Artificial intelligence is driving new innovation opportunities in companies across EMEA, but many organizations are finding that their projects are progressing more slowly than expected because their technology infrastructure was not designed to support these types of intensive workloads.

The investment impulse is significant. According to Statista, the AI ​​market in Europe could grow from around $105 billion in 2024 to more than $640 billion in 2031, with a compound annual growth rate of 35%. However, legacy infrastructure remains one of the main obstacles to realizing its full potential and allowing digital infrastructure to adapt to the pace of innovation.

To help identify these challenges, Dell Technologies points out five indicators that can show that an organization’s infrastructure is limiting the development of AI initiatives and slowing the modernization of its technology infrastructure.

1. Data access becomes a bottleneck

AI models depend on large volumes of quality data. If data teams spend more time waiting for data sets to load or integrate than developing models, the infrastructure is likely not ready for these workloads. Additionally, in regions such as Europe, regulations such as the General Data Protection Regulation (GDPR) require that data access and management be carried out with strict security and compliance criteria, which requires a robust and well-governed data infrastructure. Modern data management platforms allow you to unify access, accelerate analysis and ensure that information is managed securely and in compliance with regulations.

2. Server infrastructure doesn’t scale for new AI loads

Although few organizations train large models from scratch, more and more companies are using AI for advanced analytics, computer vision, automation, or real-time decision making.
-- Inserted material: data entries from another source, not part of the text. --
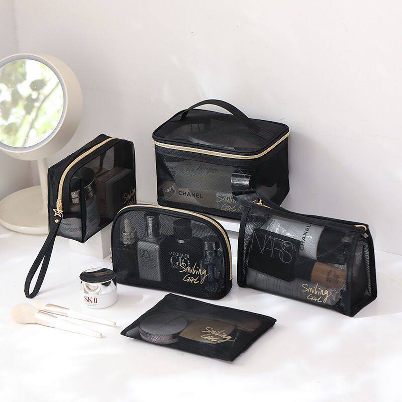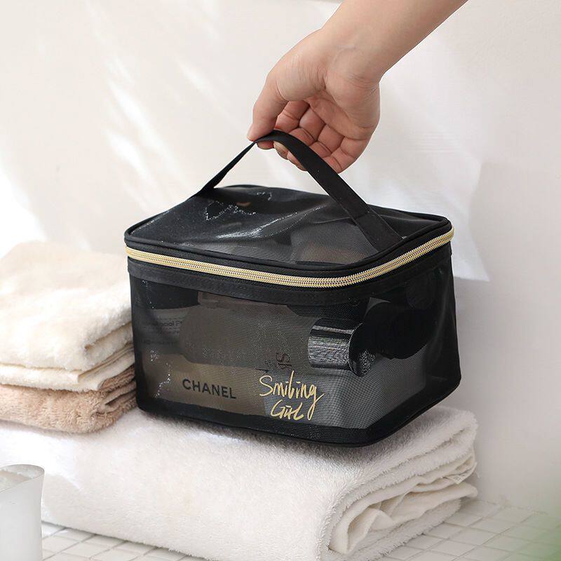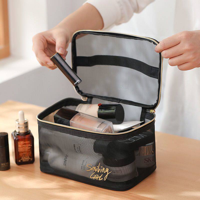 网纱便携化妆包女旅行透明洗漱包护肤品口红眼影刷子收纳袋盒高级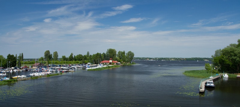 Zegrze Reservoir/Zegrze Lake (called in Polish Jezioro Zegrzyńskie or Zalew Zegrzyński), a man-made lake developed in 1963, located 30 km north of Warsaw, is a very popular place among Warsaw residents for summer getaways. The most convenient way to get there is by car (Zegrze on Google map).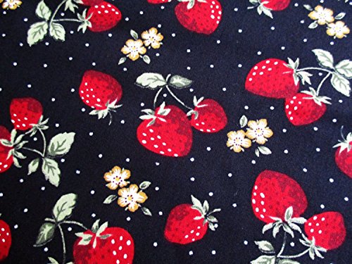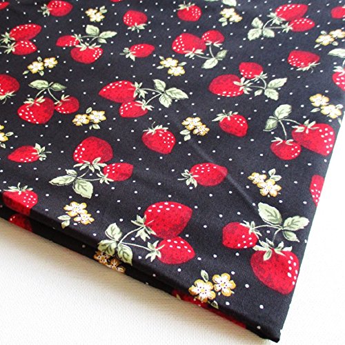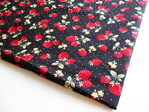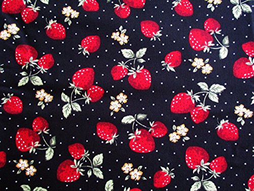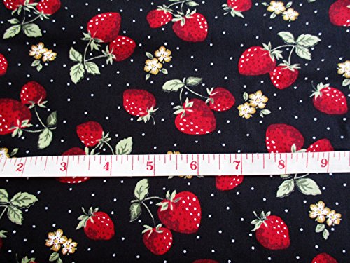 Red Green Strawberry with White Dot on Black Fabric 36 by 36-Inch Wide (1 Yard) (CT560)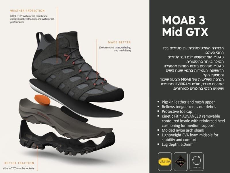 נעלי המתאימות לטיפוס הרים, טיולים ולמסעות מדגם מואב- MOAB MID.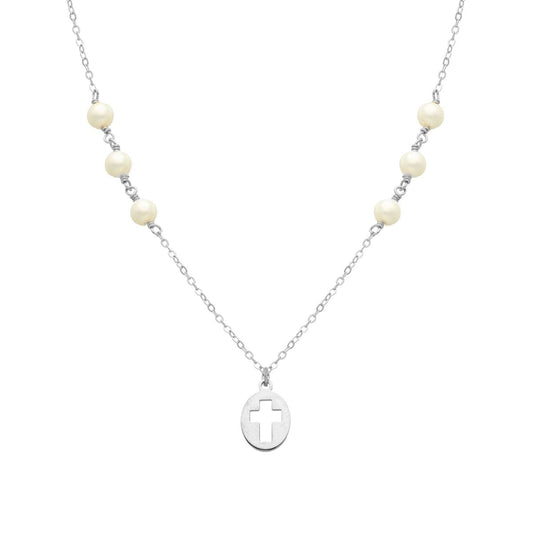 Fio em Prata com Cruz e Pérolas
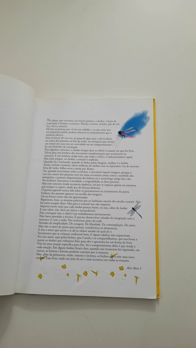 Do encontro entre Alice Ruiz e Camila Jabur, surgiram esses haikais sobre animais. São suas brincadeiras, seus olhares e seus sentimentos. E são brincadeiras, olhares e sentimentos. Do encontro entre as autoras e Fê, o ilustrador, a poesia cresce, tornando-se viva para os bichos e dentro das pessoas.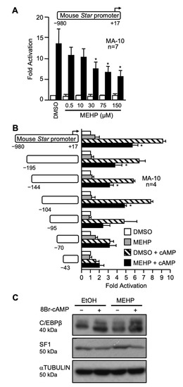 MEHP targets the proximal Star promoter in MA-10 Leydig cells. (A) MA-10 were transfected with a −980 bp mouse Star reporter and treated for 24 h with either dimethylsulfoxide (DMSO) or increasing concentrations of MEHP in the presence (black bars) or absence (white bars) of 0.1 mM 8Br-cAMP. Results are shown as fold activation over control. Values are the mean of seven individual experiments performed in triplicate (±SEM). (B) MEHP targets the proximal Star promoter. A series of 5′ progressive deletions of the mouse Star promoter were transfected in MA-10 Leydig cells and treated with either dimethylsulfoxide (DMSO, white bars) or 150 µM MEHP (gray bars) in the presence (hatched and black bars) or absence (white and gray bars) of 0.1 mM 8Br-cAMP. Results are shown as fold activation over control. Values are the mean of four individual experiments performed in triplicate (±SEM). (C) MA-10 Leydig cells were treated with either dimethylsulfoxide (DMSO) or 100 µM MEHP with or without 0.1 mM 8Br-cAMP and whole cell extracts were prepared for immunodetection of C/EBPβ and SF1. αTUBULIN was used as a loading control. All experiments were repeated three times and produced similar results. *: p ≤ 0.05.

These applications require considerable computing power and can overwhelm general-purpose servers that are already operating near their limits within existing infrastructure. When business applications and AI loads compete for the same infrastructure resources, performance suffers. Infrastructures designed specifically for AI, with accelerated computing capabilities, help manage these loads efficiently and maintain stable performance within the technology infrastructure.

3. The network becomes a data jam

AI not only requires computing power and storage, but also networks capable of moving large volumes of information between systems. If data transfers are slow, congestion occurs, or training tasks are interrupted, the network is likely limiting the performance of AI applications and showing gaps in the network infrastructure. A high-speed, low-latency network infrastructure is essential to ensure data flows seamlessly between storage, servers, and end users.
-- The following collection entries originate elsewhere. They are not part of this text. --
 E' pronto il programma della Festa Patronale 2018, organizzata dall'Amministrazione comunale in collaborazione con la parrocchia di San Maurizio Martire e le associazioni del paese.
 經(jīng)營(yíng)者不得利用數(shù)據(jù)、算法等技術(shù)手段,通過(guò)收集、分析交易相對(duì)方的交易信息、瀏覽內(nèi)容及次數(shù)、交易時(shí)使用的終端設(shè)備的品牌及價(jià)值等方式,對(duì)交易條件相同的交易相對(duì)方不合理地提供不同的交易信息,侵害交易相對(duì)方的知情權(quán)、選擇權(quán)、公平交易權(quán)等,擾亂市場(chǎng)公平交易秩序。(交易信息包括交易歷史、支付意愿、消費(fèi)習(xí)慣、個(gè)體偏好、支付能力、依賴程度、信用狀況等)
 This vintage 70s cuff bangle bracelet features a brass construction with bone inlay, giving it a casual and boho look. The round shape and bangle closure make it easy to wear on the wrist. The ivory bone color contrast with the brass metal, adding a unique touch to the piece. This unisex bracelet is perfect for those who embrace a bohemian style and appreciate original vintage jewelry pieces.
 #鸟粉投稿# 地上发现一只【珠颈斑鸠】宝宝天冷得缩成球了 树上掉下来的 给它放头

4. AI deployment and management are too complex

Moving an AI model from the lab to production should be an agile process. However, many organizations face rigid technology environments, with manual configurations and complex dependencies that make it difficult to deploy and scale new applications within their infrastructure. This lack of agility in infrastructure can slow down innovation, especially in a competitive environment where speed in bringing new solutions to market is key. Modern infrastructures integrate automation tools and software platforms that simplify management and facilitate the deployment of AI applications.

5. There is no clear strategy to scale

Many AI projects start as pilots, but the true value comes when they scale across the entire organization. If expanding them requires redesigning the infrastructure or making large investments, their adoption becomes complicated. Modular and scalable architectures allow the infrastructure to be expanded progressively, adjusting the investment to the real needs of the business.
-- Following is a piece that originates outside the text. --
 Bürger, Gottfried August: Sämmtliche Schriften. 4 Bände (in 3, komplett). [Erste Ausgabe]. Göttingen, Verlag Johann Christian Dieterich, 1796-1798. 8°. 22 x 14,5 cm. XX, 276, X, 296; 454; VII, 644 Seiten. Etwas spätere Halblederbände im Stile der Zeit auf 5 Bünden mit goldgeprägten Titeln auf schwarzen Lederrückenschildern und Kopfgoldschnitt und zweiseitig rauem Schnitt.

Preparing infrastructure for AI is not just about adopting new technologies, but about building a flexible foundation ready for growth. Modernizing infrastructure allows organizations to simplify complexity, accelerate innovation, and create the conditions for AI to deliver real value to the business.

Investing in modern infrastructure designed specifically for these workloads allows companies to overcome the limitations of legacy systems and move towards more agile, efficient and future-ready environments for artificial intelligence.